His head snapped up so quickly she almost yelped—but then he was awake and looking at her and he was _alive _and she suddenly felt like she was going to cry.

"You've been asleep for days," he whispered, his pained voice struggling to get out the words. "I thought you were… Claire, I thought…" He couldn't even finish the sentence, but the implication was there.

She smiled lazily at it. "Nah," she shook her head, "You can't get rid of me that easily." Her eyes brightened as they landed on him, teasing, "Though I do know you've tried very hard."

He wanted so badly to laugh and cry at the same time. Instead, he just shut his eyes, and pressed a very firm kiss to the back of her hand which he held in his. "I'm going to call the nurse, okay?" He whispered the words, hoping to hide his gravelly voice. His lips brushed back and forth against her skin as he spoke. "You need to be checked out."

"Okay," she nodded. He saw her grimace slightly when she tried to shift her weight, and he knew without her having to say that the pain was coming on now. As hard as it had been to watch her lie unconscious for so long, it was harder to watch her in pain, and he found himself almost hoping she'd fall back asleep again, just so she'd be comfortable.

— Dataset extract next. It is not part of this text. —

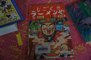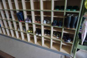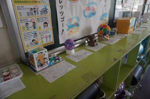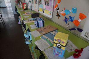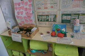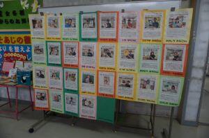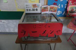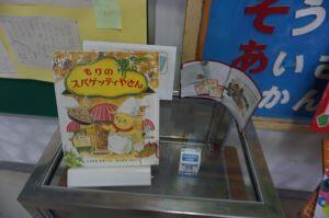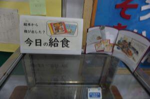 児童玄関前に、名城先生作成の絵本と給食セットがあります。

He pushed the call button Maggie had pointed out to him earlier and stayed by her bed, holding her hand, until the doctors came in and told him he had to leave.

. . .

He sat with Mike while the doctors examined her. Weston asked a couple questions about her condition, but as Ryan didn't have any other answer besides _She's awake, _they soon lapsed into silence, waiting and watching; waiting and watching. Ryan was only just beginning to realize how frustrating it must have been for Mike to do this day in and day out while they'd both been under. Someday, once they all left they all left the hospital, Ryan would have to let him know how much he appreciated that. Right now, thought, he couldn't waste a single thought on anything but her.

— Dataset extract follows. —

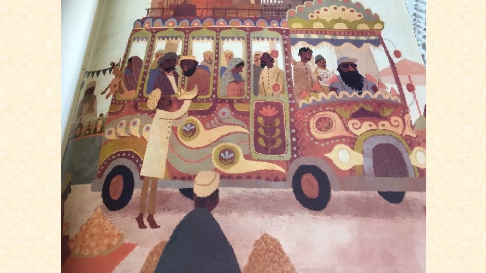 Hamid thought the Central Bus Station was the best place in the world. For him diesel fumes smelled better than evening jasmine. As for revving engines, they sounded sweeter than music. His heart thrilled to the hustle and bustle of street hawkers, the comings and goings of passengers. He saw people from every corner of Pakistan: tribesmen from the North with craggy faces and woollen berets, children of all ages, wedding parties, ladies in black burkas or demure hijab. And the buses! Gorgeously painted in rainbow colours- tasselled, tinselled, and gaudy as decorated camels from Sind. Once they left the Bus Station they picked up speed, thundering towards Sialkot, Islamabad, Karachi, Hyderabad, Faisalabad, Abbotabad and other towns. Faces crowded at windows, hands waved goodbye and extra passengers perched perilously on luggage racks.

When the doctors came back out, they didn't say a word to him, just proceeded onto their next patient, but he caught the eye of one of the nurses who smiled, and he took that to mean that Claire's examination had gone well. He wished it had been Maggie—maybe she would've told him something—but then he realized that he didn't need a go-between anymore; Claire was awake and could talk to him.

He moved back into her room as quickly as he could.

. . .

She was sitting up a little taller in bed when he wheeled inside; it looked like someone had lifted the back of it for her so she didn't have to lie down constantly. And it also looked like someone had lowered it, too—it was closer to the ground now, more on Ryan's level now that he was confined to move around in a wheelchair. Ryan wondered if someone had done that for her or if she had specifically asked. Either way, it made his chest hurt a little bit—albeit in a good way.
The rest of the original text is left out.